McCormick & Co. of Baltimore yesterday again rejected a takeover offer by Sandoz Ltd., setting the stage for a debate over the company's future when McCormick holds its annual shareholders meeting today.

After a six-hour board of directors meeting that ended last Monday night, McCormick said it had concluded Sandoz's offer was "inadequate and untimely."

The Baltimore spice maker will be better off as an independent company than as a subsidiary of the Swiss chemical company, said McCormick Chairman Harry K. Wells.

Sandoz has offered to pay $37 a share for all of McCormick's stock, which recently has traded for around $24.

Sandoz is a $2.4-billion-a-year multi-national conglomerate; McCormick's flavoring and food business makes it a $457-million-a-year operation.

After McCormick first rejected a takeover bid a couple of weeks ago, Sandoz executives asked for a meeting with the board of directors. Claiming the buy-out would be best for McCormick's shareholders, Sandoz warned that the directors might face legal action from stockholders if they turned down the offer.

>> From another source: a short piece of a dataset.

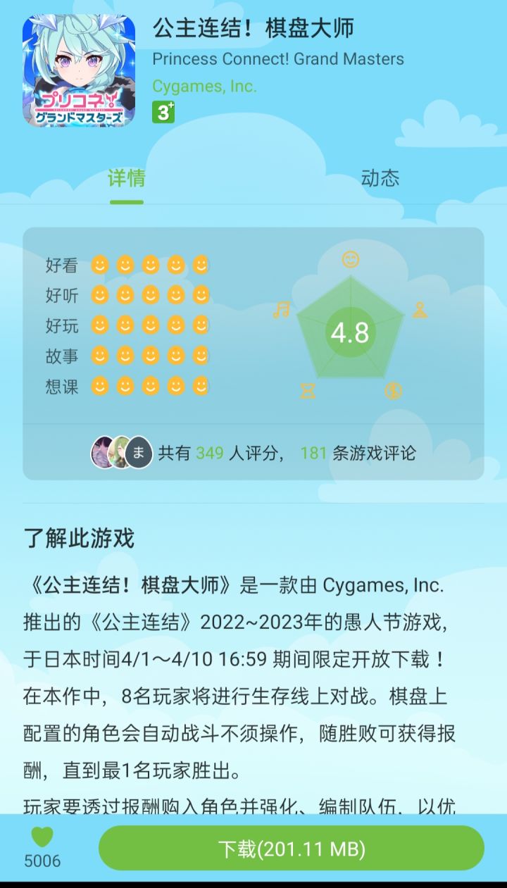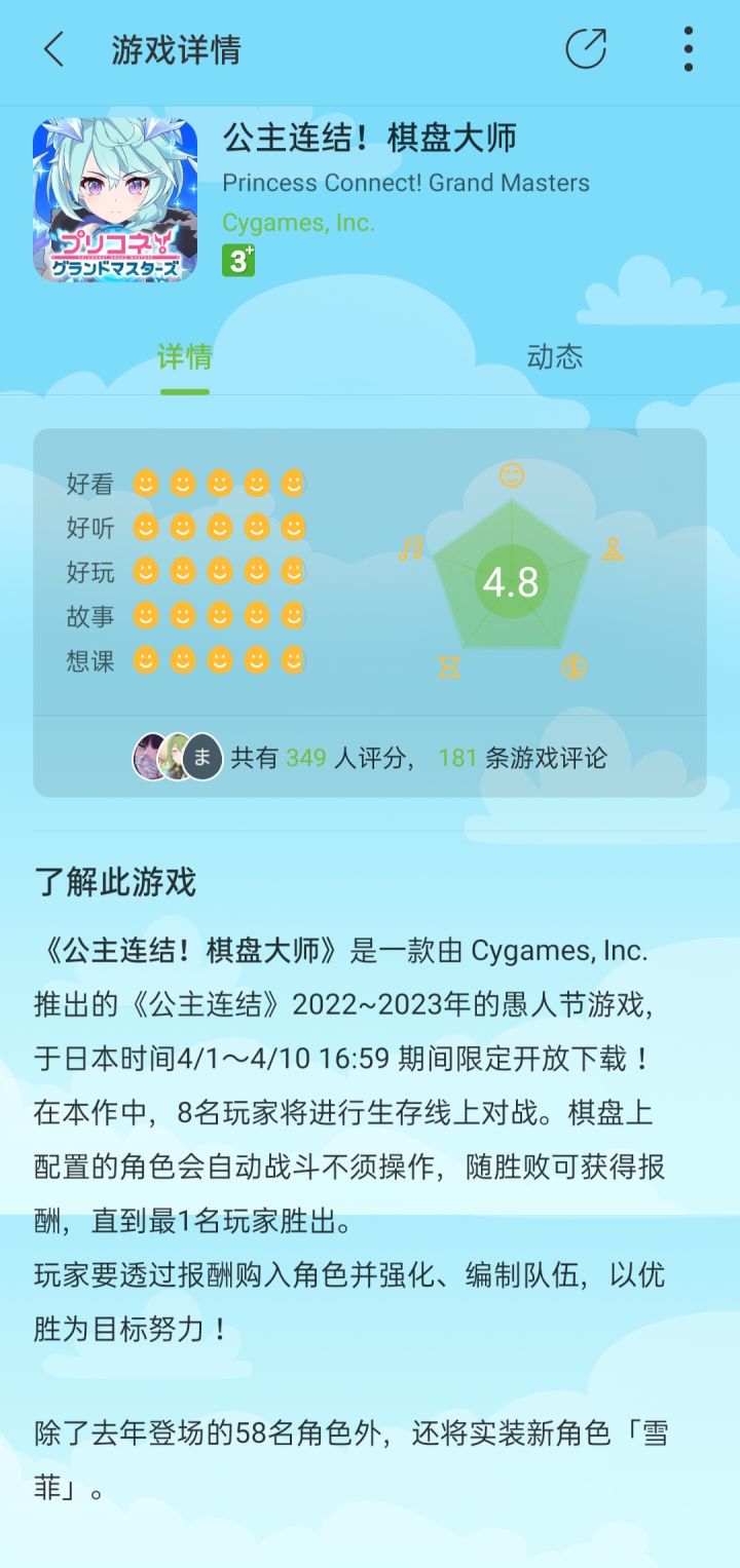 那么首先为大家带来的是《公主连结!Re:Dive》的愚人节活动播报《公主连结!Re:Dive》宣布推出一款自走棋手游《プリコネ!グランドマスターズ(公主连结!Grandmasters)》,开服时间为北京时间4月1日11:00-4月8日15:59。不过现在已经开启海外预下载啦,准备来到奇异的世界,找回失忆的同伴,进行8人战斗吧!

Ignoring the Sandoz threat, McCormick officials made clear yesterday they value their independence.

McCormick's "growth and prosperity are nurtured by independence," and "cannot exist under Sandoz's ownership," said Wells.

Compalining that Sandoz's advances "continue to disrupt" McCormick's operations, Wells urged Sandoz to leave the Baltimore business alone.

From its headquarters in Basel, Sandoz issued a statement saying it is still "very interested" in a merger.